So DNS over HTTPS is coming to Firefox. For most people this is certainly a good thing. When I worked for a national ISP in around 2008 they started snooping DNS queries and sending them off to various ad networks and inserted those stupid advertising laden search pages into user's sessions instead of returning the correct and proper NXDOMAIN response when you mistyped a URL. There were executives which were very pleased with this extra revenue stream and got large bonuses as a result. This was over a decade ago so I can only imagine how this has gotten worse. DNS over HTTPS (and also DNS over TLS) makes this impossible, which is good.

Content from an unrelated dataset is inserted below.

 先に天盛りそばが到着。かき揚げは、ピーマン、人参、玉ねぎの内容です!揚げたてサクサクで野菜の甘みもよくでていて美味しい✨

That being said, I'm not most users and I have never really trusted my ISP's DNS servers. I run my own DNS servers for several reasons. The first is that I run what is called 'split horizon' DNS, which means that if you are on my internal network you will gain access to domain names which do not exist on the Internet. You will also get different answers for domains that I own that are on the Internet. The second is that I own several domains and host them on my own servers. A while back I wrote about adding DNS over TLS to my internal DNS servers so that all requests are encrypted already, making DNS over HTTPS a moot point from a privacy perspective, but also in that post I noted that I block nearly a million domain names that are involved in serving advertising, malware and tracking scripts. Doing this at the DNS layer means that allowing an application to bypass my DNS servers is in fact bypassing an important part of my network security. That is not ideal.

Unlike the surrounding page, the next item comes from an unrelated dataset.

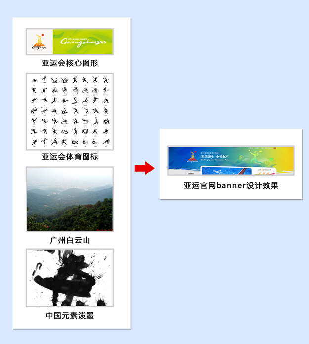 以上是顶部banner的设计思维图;作为一个网站最显眼也是最能体现整个网站形象的一个区域,我们采用了具有中国特色的泼墨形式,并将亚运会VI图案、运动人物标识、连绵的山脉等元素组合在一起。右侧运动人物标识还有一个特别之处,我们设计了多套不同的运动图案,每次访问页面会随机打开其中一张,力求让用户每次访问都有些不同的感受,以增加官网的层次及趣味性。运动人物下方的抽象连绵山脉,则是使用亚运核心图形重复排列构成,以突出广州特色——白云山。

Thankfully Mozilla has several ways in place to control the DNS over HTTPS mechanism in the browser. Since I already have unbound running it was trivial to implement the canary domain control.
In short, Firefox will attempt to resolve use-application-dns.net
using the
OS DNS libraries. If an error or no forward records (A or AAAA) are returned
from that lookup it will disable its internal DNS stack and use the one in your
OS as is right and proper. Simply telling unbound to return NXDOMAIN for that
domain name is enough.
In one of your unbound config files (/etc/unbound/unbound.conf on Debian for example), you can add:
local-zone: "use-application-dns.net" static
and restart. You can then verify (on Linux and macOS) that your DNS server(s)
return the proper NXDOMAIN
repsonse using dig, for example:
kitsune@17:48:58 ~ >dig use-application-dns.net @192.168.196.3
; <<>> DiG 9.10.6 <<>> use-application-dns.net @192.168.196.3
;; global options: +cmd
;; Got answer:
;; ->>HEADER<<- opcode: QUERY, status: NXDOMAIN, id: 65096
;; flags: qr rd ra; QUERY: 1, ANSWER: 0, AUTHORITY: 0, ADDITIONAL: 1
;; OPT PSEUDOSECTION:
; EDNS: version: 0, flags:; udp: 4096
;; QUESTION SECTION:
;use-application-dns.net. IN A
;; Query time: 8 msec
;; SERVER: 192.168.196.3#53(192.168.196.3)
;; WHEN: Tue Feb 25 17:49:07 EST 2020
;; MSG SIZE rcvd: 52
Please note that unless you have a good reason to do this (like you are running your own content filtering and encrypted DNS server) you shouldn't disable DNS over HTTPS. Mozilla has a great explanation of how a lot of this works, and includes some information about how to set Firefox to use a different DNS over HTTPS endpoint in case you would prefer to use a different DNS provider than CloudFlare.